DIOCESE OF DES MOINES IA
“We cannot erase the pain of those who have been victimized in the past, and to them I have apologized on behalf of the Church. The Charter for the Protection of Children and Young People, created in response to stories of abuse, calls for openness. As a result of the charter, we’ve been able to better assist victims as they come forward,” said Bishop Joseph L. Charron, C.PP.S.
The U.S. Conference of Catholic Bishops, through the Office of Child and Youth Protection, has audited dioceses across the country to let the public know whether the dioceses have been complying with the Charter for the Protection of Children and Young People since it was first approved in 2002. Auditors said the Diocese of Des Moines has complied, and it was commended for its openness and transparency.
“A commendation was issued for the excellence and extent of the policy and procedures put in place by the Bishop to ensure a sharing of information on issues related to sexual abuse of minors,” according to an audit report to be released today.
Two auditors visited the Diocese of Des Moines for several days in October, and interviewed diocesan staff and some with no connection to the diocese. They reviewed the diocesan policy, the work of the Allegation Review Committee and the diocese’s commitment to create a safe environment for children. The auditors, having visited many dioceses, made a recommendation on how the Diocese of Des Moines might monitor ongoing compliance of its background checks. The recommendation has been implemented.
The Diocese of Des Moines announced in 2002 the creation of a policy review committee and the creation of the Allegation Review Committee, including names of the lay experts who volunteered their time for the committee.
This past September, Bishop Charron announced that he was accepting the recommendations of the Allegation Review Committee regarding three priests. The Charter requires the Bishop to pursue the process of removing them from the priesthood (laicization). The committee reviewed allegations made regarding five living priests in the diocese who faced allegations of sexual abuse of minors.
The charter called for all dioceses to participate in a survey by the John Jay College of Criminal Justice for a study on the nature and scope of abuse in the Church. The diocese today also is releasing the survey statistics it sent in for this study. The survey asked for the number of all allegations that were not totally implausible from the years 1950-2002.
In the 52 years covered by the study, 11 of 335 priests who served in the Diocese of Des Moines were accused of sexual abuse of minors. All of the allegations except one stem from reported incidents from the 1980s or before. The Allegation Review Committee heard testimony regarding five of the priests. The remaining priests are either deceased or left the diocese decades ago.
The Diocese reported that in the 52-year timeframe covered by the survey, 30 people made allegations. Since 2002, when the Charter was implemented by the nation’s bishops, the diocese has encouraged victims to contact Victim Assistance Advocate Jo Mulvihill at (515) 286-2031 for counseling, support and to make a formal complaint.

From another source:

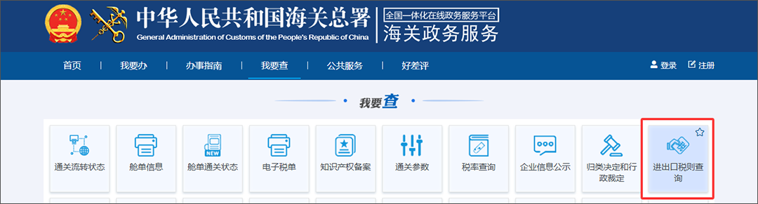 进入中国海关官网 → 互联网+海关 → 我要查 → 进出口税则查询

In addition to reporting the number of priests and people affected by allegations, the diocese reported $680,500 was given to persons making allegations of sexual abuse between 1950 and 2002 for settlements and counseling. Insurance paid $335,250 and the diocese paid $345,250. The diocesan monies came from reserve funds, principally from the Bishop’s Residence Fund, which includes the proceeds and investment income from the sale of the former residence on 37th Street sold in 1982. Bishops Dingman, Bullock and Charron have not used that fund to purchase a new bishop’s residence but have lived in an apartment. No money from endowment funds, individual contributions, parish collections or the Annual Diocesan Appeal was used.
The diocese has had a policy addressing sexual abuse of minors by clergy since 1988. Since the Charter was created, a new diocesan policy puts more emphasis on the needs of victims. In addition, programs are in place to prevent opportunities for abuse.
“Even one incident of a priest abusing a minor is a tragedy,” said Bishop Charron. “Since this issue came to light, we have made great strides in addressing it. We created a new, victim-centered policy, we now have a Victim Assistance Advocate, and we are privileged to have experts in the area of child abuse serving on our Allegation Review Committee. In addition, we are in the process of training volunteers in every parish in southwest Iowa in child sexual abuse prevention, and we’re doing background checks on all volunteers and staff who spend substantial time with children in a church setting.”
In the last six months, more than 2,300 teachers, coaches, religious education instructors, youth ministers and parents in the Diocese of Des Moines have been trained in creating a safe environment for children. Facilitators continue to train volunteers and employees in southwest Iowa .
In addition, background checks are being done on all employees and volunteers who spend a significant amount of time with children in a church setting.